Syriac Orthodox Church of the Holy Martyrs (Est. 1425 A.D.)
St. Ephrem's Theological Seminary & Monastery - Rev. Fr. Mikhail Z. Ishaaq
Convent of St. Theodota - Rev. Mother Anya M. Shu'ayb
Main sanctuary is opened on all Sundays and Feast Days. Monastery and Convent are both open at all times. Regardless of faith and creed, all are welcome.
Despite the rundown, dried-out overlook of the church campus, which seemed to have taken up over three street blocks, it was truly a magnificent sight. There were many stone arch entrances leading into the church's courtyard and the affiliated buildings. The remains of once-vibrant, beautiful flower patches and shrubs were now replaced with dry leaves and dirt. The windows were shattered as though someone had thrown rocks at them, and remnants of exterior art were replaced with the Arabic letter "ن" in red graffiti.
Even as a Muslim, it hurt to see this glorious church remain in the dilapidated condition it was in. I'd feel very much the same if it had been a mosque that was on the verge of demolition.
As we walk side-by-side towards one of the entrances, I glance over at what I could see of Ahsan's face, still smoldering underneath his stony expression.
Faizan, followed by around a dozen black-clad men, emerged from one of the archways with a huge grin on his face as he laid eyes on us, and then at the handcuff connecting Ahsan and I.
"Ah, Hayat!" He approached us with outstretched arms. "I'm glad you're here! I apologize for the sudden change in location, but it's all for the best! Come now, there's someone I want you to meet," Faizan said eagerly.
If I didn't know any better, I would have presumed Faizan was an amiable man.
I gazed over at the name of the church on the sign again. Oh, the horrible irony how the church was named after martyrs.
With Faizan nearby, I had the most eerie premonition that there would be even more martyrs.
Glossary:
~Fajr (Arabic)- Literally "dawn". Also the first of the five daily prayers offered by practicing Muslims.
~Wudu (Arabic)- An Islamic procedure for washing parts of the body using water, typically in preparation for formal prayers, but also before handling and reading the Qur'an.
~Tayammum (Arabic)- The act of dry ablution using sand or dust, which may be performed in place of ritual washing (wudu) if no clean water is really available or if one is suffering from moisture-induced skin inflammation or scaling
~Sujood (Arabic)- Sujood is the prostration (bowing down) part of the Islamic prayer routine.
~Nazim (Arabic)- name meaning "arranger/organizer".

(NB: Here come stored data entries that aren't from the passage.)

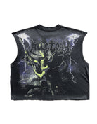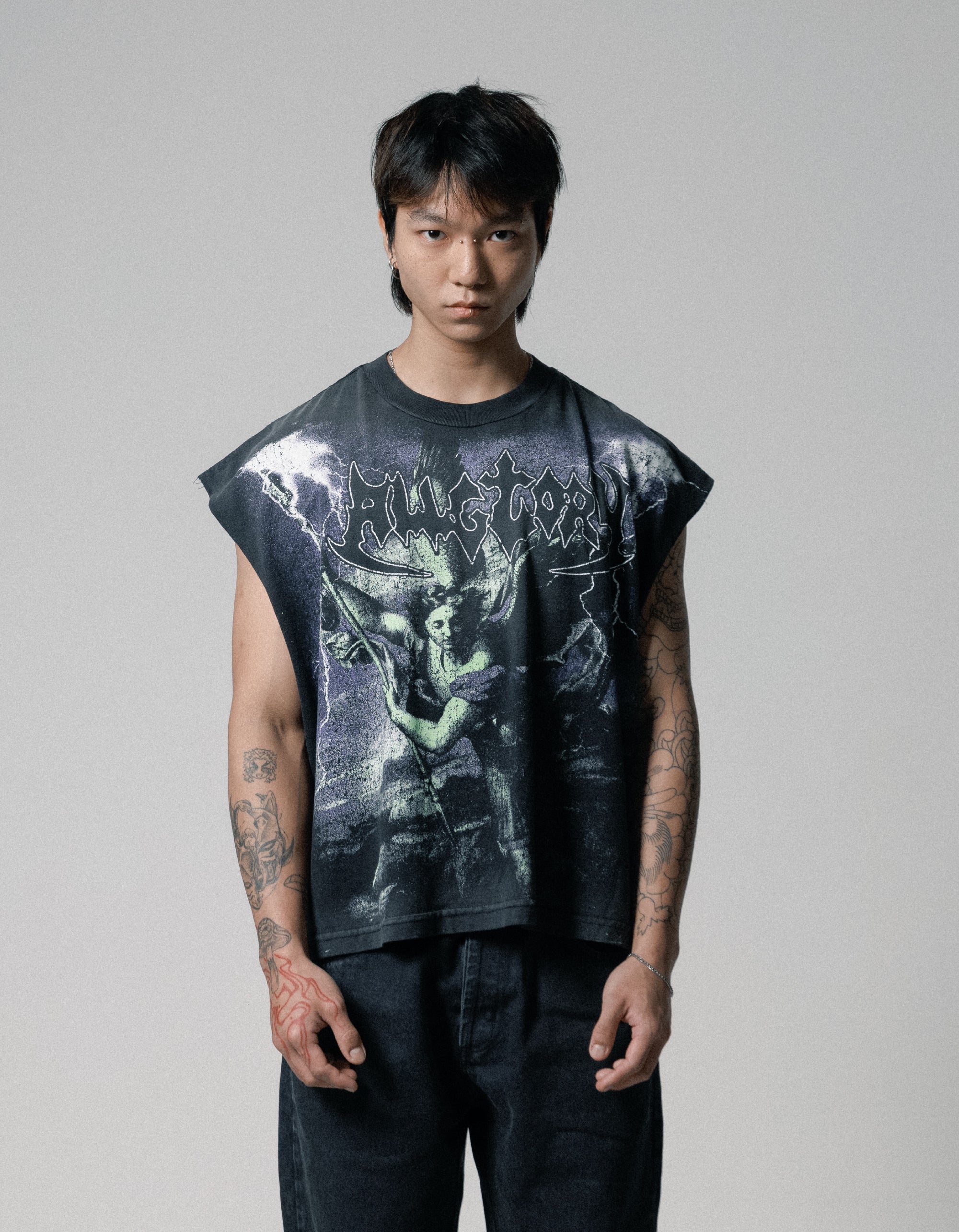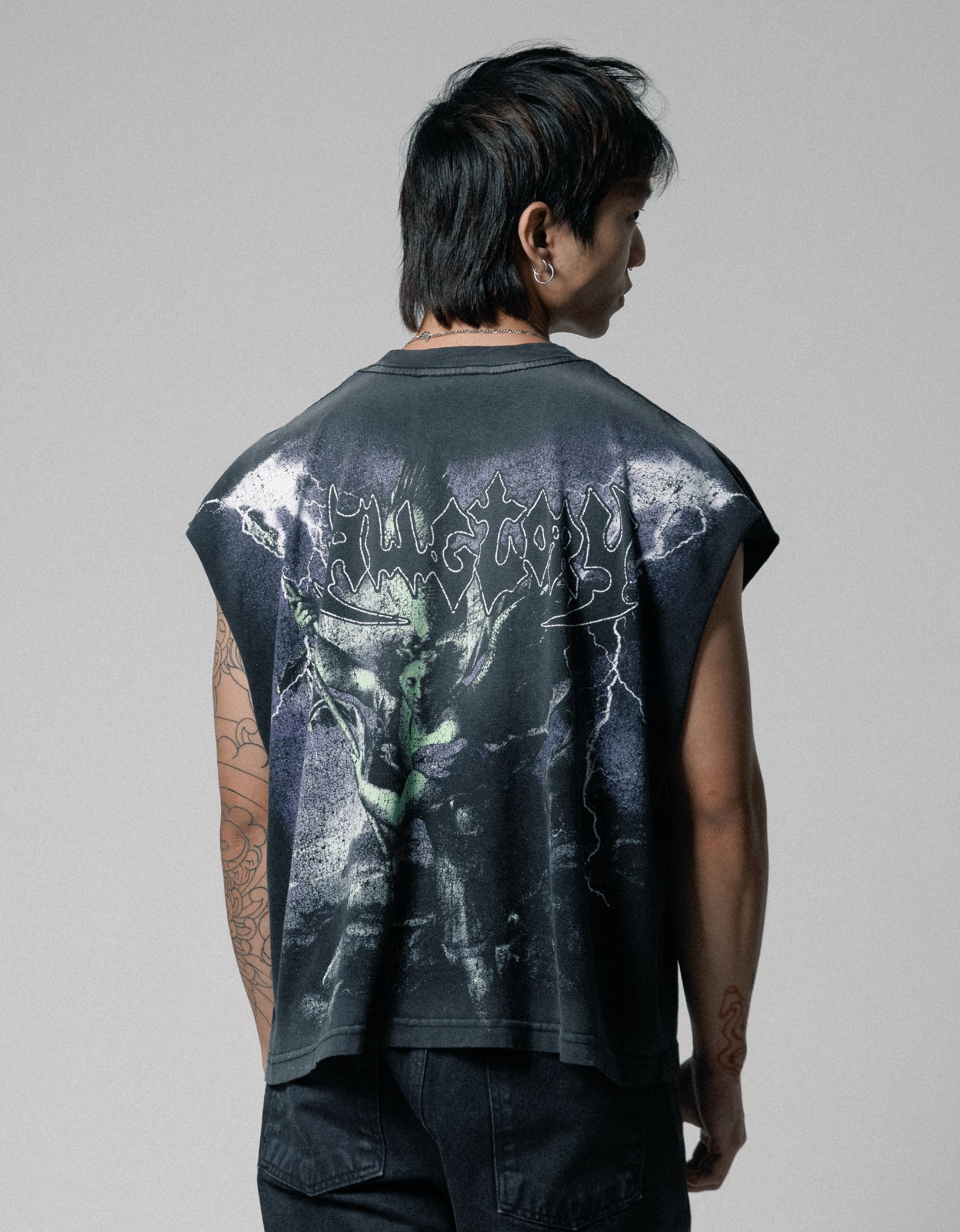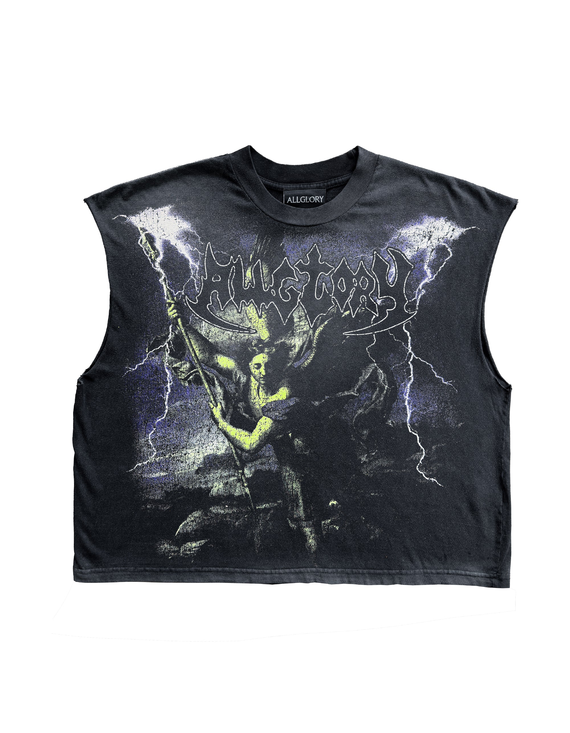 DEFEATING Regata ALLGLORY Washed Black unissex estampada individualmente a mão na frente e nas costas. Modelagem Muscle Tee Boxy exclusiva inspirada nos anos 90.
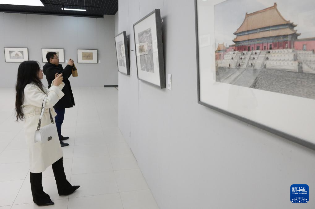 當日,“中國畫 畫文物——2023北京中軸線主題寫生作品展”在北京中國國家畫院開展。
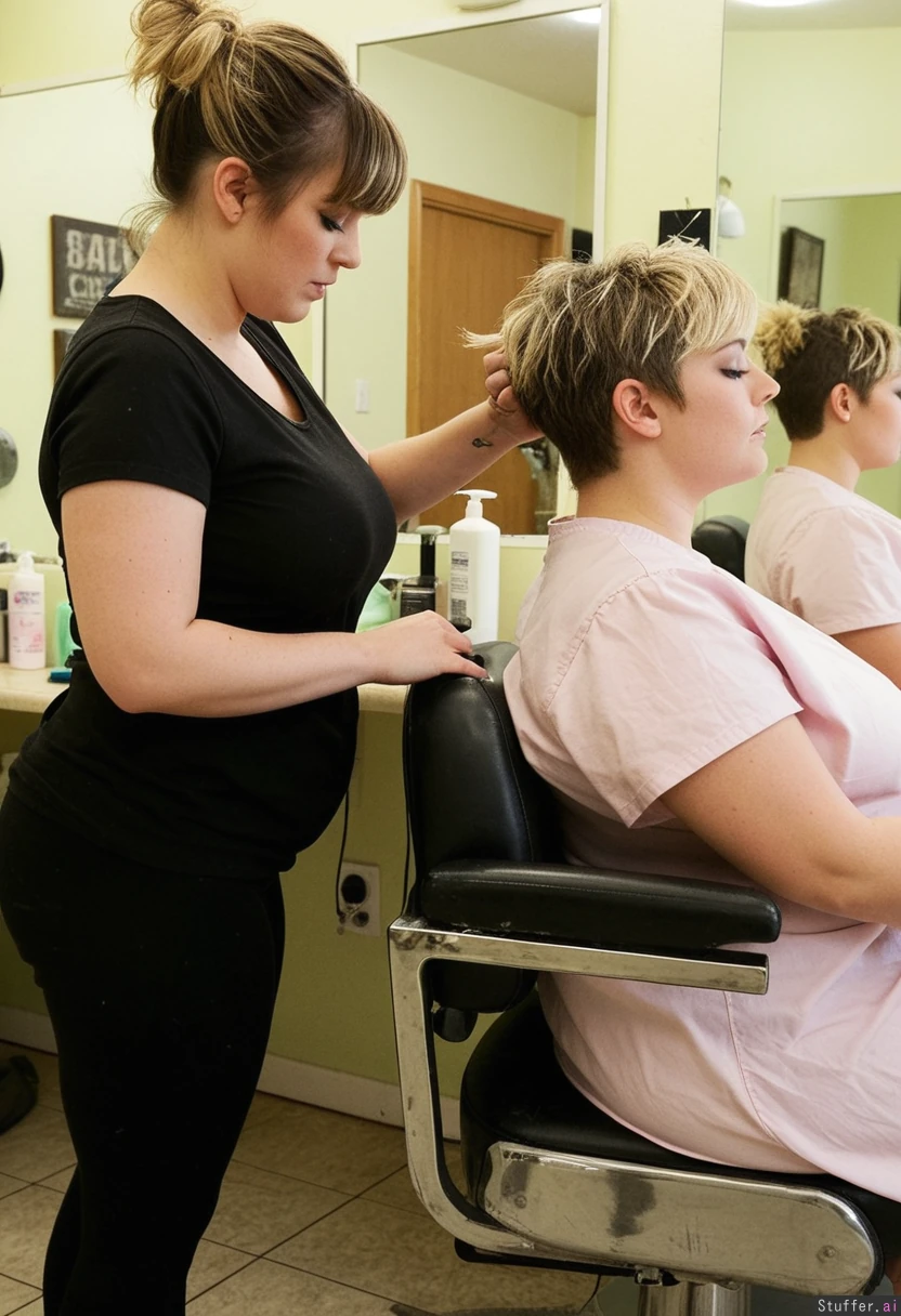 1) A panned out, profile view of a (voluptuous:2.4) hairdresser (brunette, short hair, messy, bangs, black leggings, black t shirt) standing behind and cutting the hair of 2) a plumped-up blonde girl (pastel dress) sitting in a barber's chair in a shabby-chic salon, (no text_on_clothing)
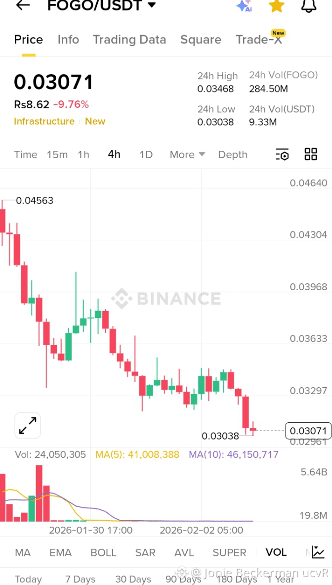 The current price of the FOGO token is approximately $0.034393 USD, with a 24-hour trading volume of over $41 million. The price is down slightly by about 0.41% in the last 24 hours, but has seen significant volatility since its mainnet launch in January 2026.
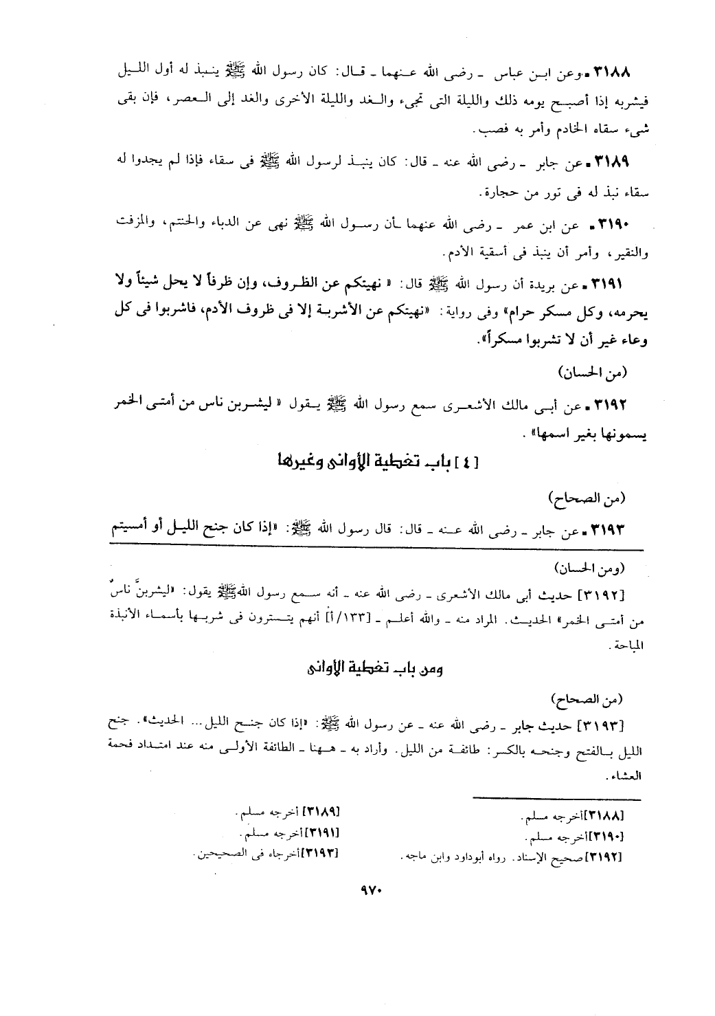 [3193] حديث جابر- رضي الله عنه- عن رسول الله - صلى الله عليه وسلم -: (إذا كان جنح الليل ... الحديث). جنح الليل بالفتح وجنحه بالكسر: طائفة من الليل. وأراد به- ههنا- الطائفة الأولى منه عند امتداد فحمة العشاء.
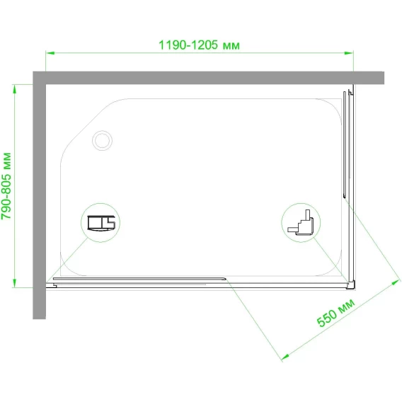 Ширина входа 55 см

~Murtaza (Urdu)- name meaning "chosen".
~"Idhar aao" (Urdu)- a phrase meaning, "come here".
~Niqab (Arabic)- a cloth, or veil, that covers the entire face except for the eyes.
~Sunnah (Arabic)- a term signifying a proper Islamic life, also known as "good deeds".
~ن (Pronounced 'nūn' or 'noon')- Arabic letter that is similar to the English "n". The members of the terrorist group, ISIS (DAESH), spray paint this letter on Christian properties all throughout Syria and Iraq. Also, this letter is now known as "the mark of the Nazarene" originating from the term 'naṣrānī' ('Christian').